Action item.
From the first line of the data below through the line holding "北欧 新生活 ラック 棚", output each line exactly and leave the pictures out.

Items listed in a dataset

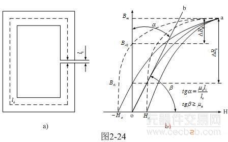 从图2-24-b以及(2-72)式可以看出,当 μcl1/lc>>1时,有气隙铁芯的平均导磁率μa 基本与气隙l1 的长度成反比;因此μcl1/lc 的值正好就是对应图2-24-b中,切线o-b与B轴夹角α 的正切值tgα ; △H代表μcl1 ,△B 代表lc。 μc与l1相乘正好把两条正交直线H和B的单位进行归一化,要么它们之间的夹角就没有意义。
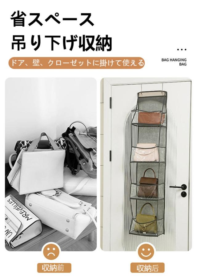 「クーポン配布中」「即納」ウォールポケット ドア掛け収納 バッグ収納 4/6段大容量 カバン収納 クローゼット 吊り下げ収納 隙間収納 帽子掛け 靴下 下着 ズボン 衣類収納ラック 折りたたみ 整理整頓 おしゃれ 北欧 新生活 ラック 棚
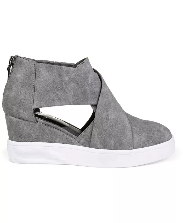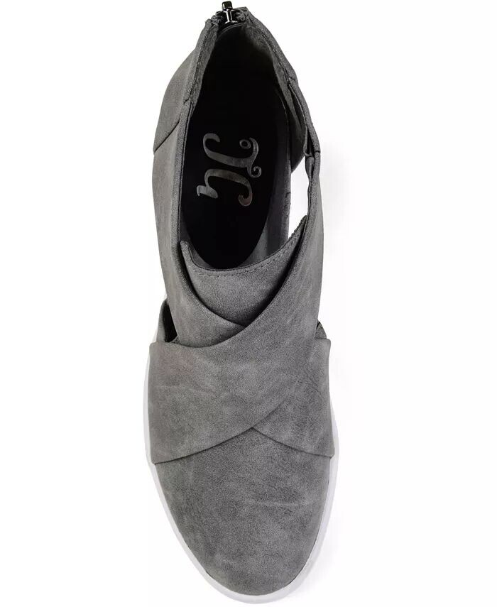 Выглядите непринужденно круто в модных кроссовках из коллекции Journee. Мягкий верх из искусственного нубука демонстрирует перекрещивающийся дизайн на мысках и стильные вырезы D'Orsay по бокам. Толстая подошва и танкетка создают стильный подъем, завершая образ.
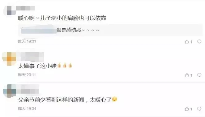 她猜測,小男孩旁邊的男子可能是他的爸爸,小男孩擔心有人會吵到睡著了的爸爸,所以才會做出這樣的舉動。這在她看來,覺得特別暖心、感動。
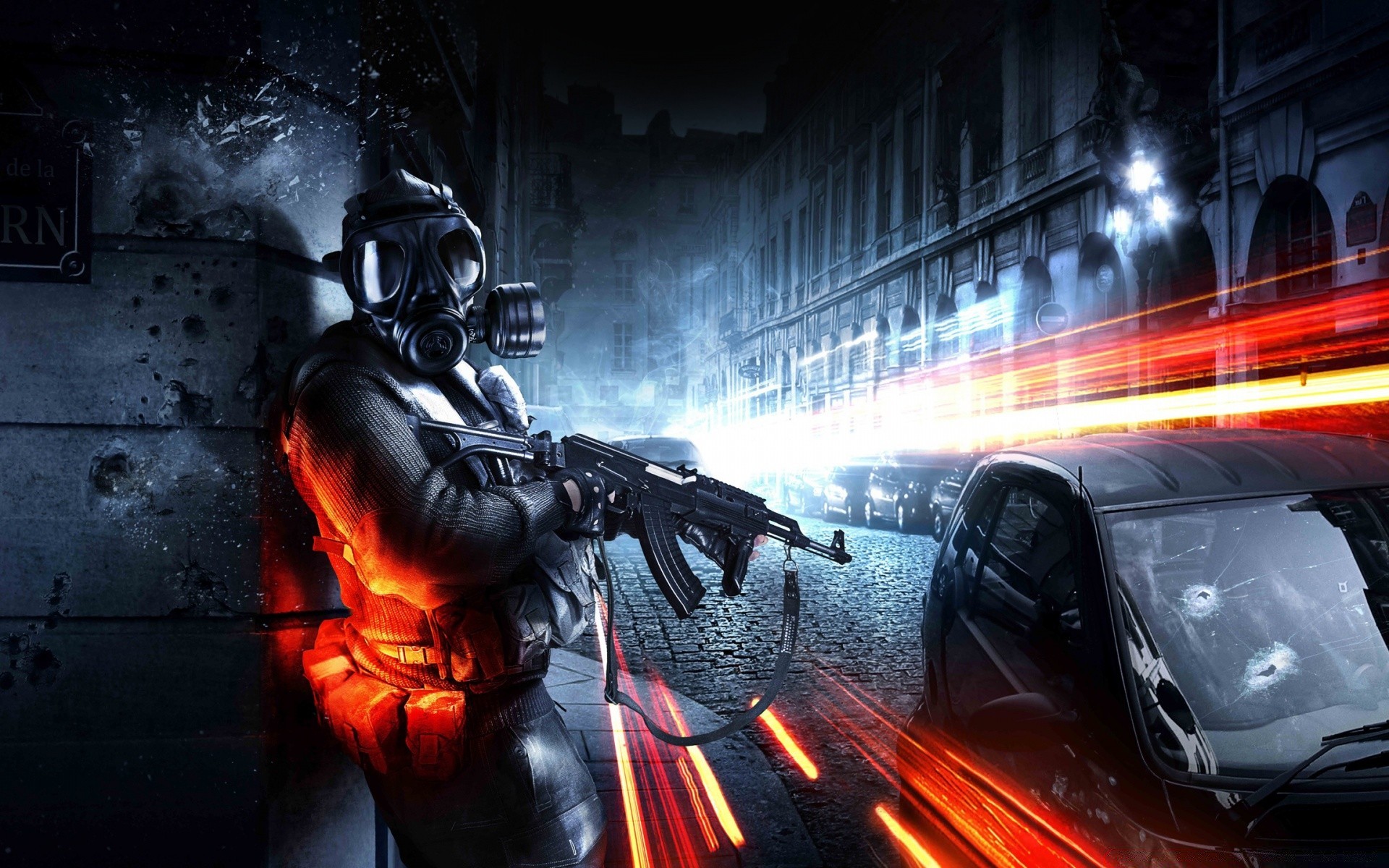 Gaz maskesinde silahı olan adam lazerdir

The answer.
 从图2-24-b以及(2-72)式可以看出,当 μcl1/lc>>1时,有气隙铁芯的平均导磁率μa 基本与气隙l1 的长度成反比;因此μcl1/lc 的值正好就是对应图2-24-b中,切线o-b与B轴夹角α 的正切值tgα ; △H代表μcl1 ,△B 代表lc。 μc与l1相乘正好把两条正交直线H和B的单位进行归一化,要么它们之间的夹角就没有意义。
 「クーポン配布中」「即納」ウォールポケット ドア掛け収納 バッグ収納 4/6段大容量 カバン収納 クローゼット 吊り下げ収納 隙間収納 帽子掛け 靴下 下着 ズボン 衣類収納ラック 折りたたみ 整理整頓 おしゃれ 北欧 新生活 ラック 棚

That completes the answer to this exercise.